A long-term goal for AI in the lab is the development of “AI scientists” that function as research assistants, with access to the entire body of scientific literature, the ability to integrate that knowledge with experimental results, and the capacity to suggest next steps. These systems could evolve into true collaborators, Zitnik said, noting that some models have already generated simple hypotheses. Her lab used Procyon, for example, to identify domains in the maltase glucoamylase protein that bind miglitol, a drug used to treat Type 2 diabetes. In another project, the team showed that Procyon could functionally annotate poorly characterized proteins implicated in Parkinson’s disease. The tool’s broad range of capabilities is possible because it was trained on massive experimental data sets and the entire scientific literature, resources far exceeding what humans can read and analyze, Zitnik said.
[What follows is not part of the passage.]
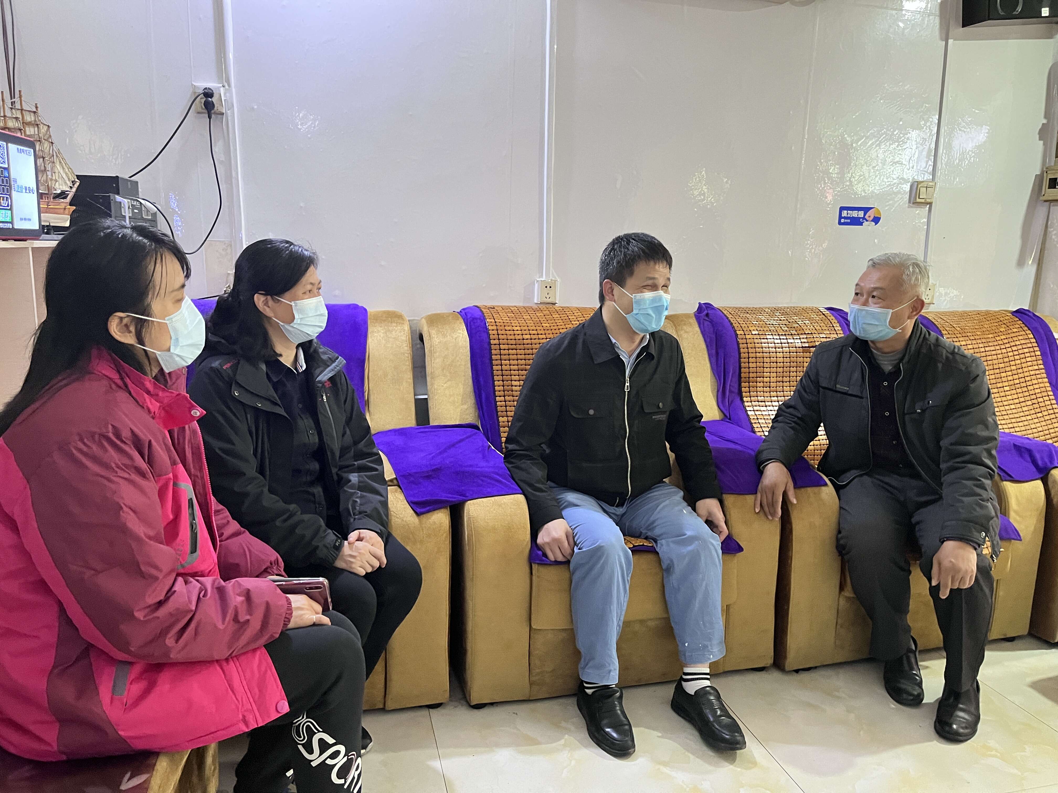 1月12日下午,自治区盲人按摩指导中心主任韦永华、副主任班革带领中心部分工作人员深入到南宁市西乡塘区龙胜街和北湖安居小区的6家盲人按摩店进行走访慰问,西乡塘区残联及街道办、社区工作人员陪同。

The classroom comes before the lab, and the AI dynamic of flexibility, innovation, and constant learning is also being applied to education. The Medical School has introduced a course dealing with AI in healthcare; added a Ph.D. track on AI in medicine; is planning a “tutor bot” to provide supplemental material beyond lectures; and is developing a virtual patient on which students can practice before their first nerve-wracking encounter with the real thing. Meanwhile, Rodman is leading a steering group on the use of generative AI in medical education.
These initiatives are a good start, he said. Still, the rapid evolution of AI technology makes it difficult to prepare students for careers that will span 30 years.
“The Harvard view, which is my view as well, is that we can give people the basics, but we just have to encourage agility and prepare people for a future that changes rapidly,” Rodman said. “Probably the best thing we can do is prepare people to expect the unexpected.”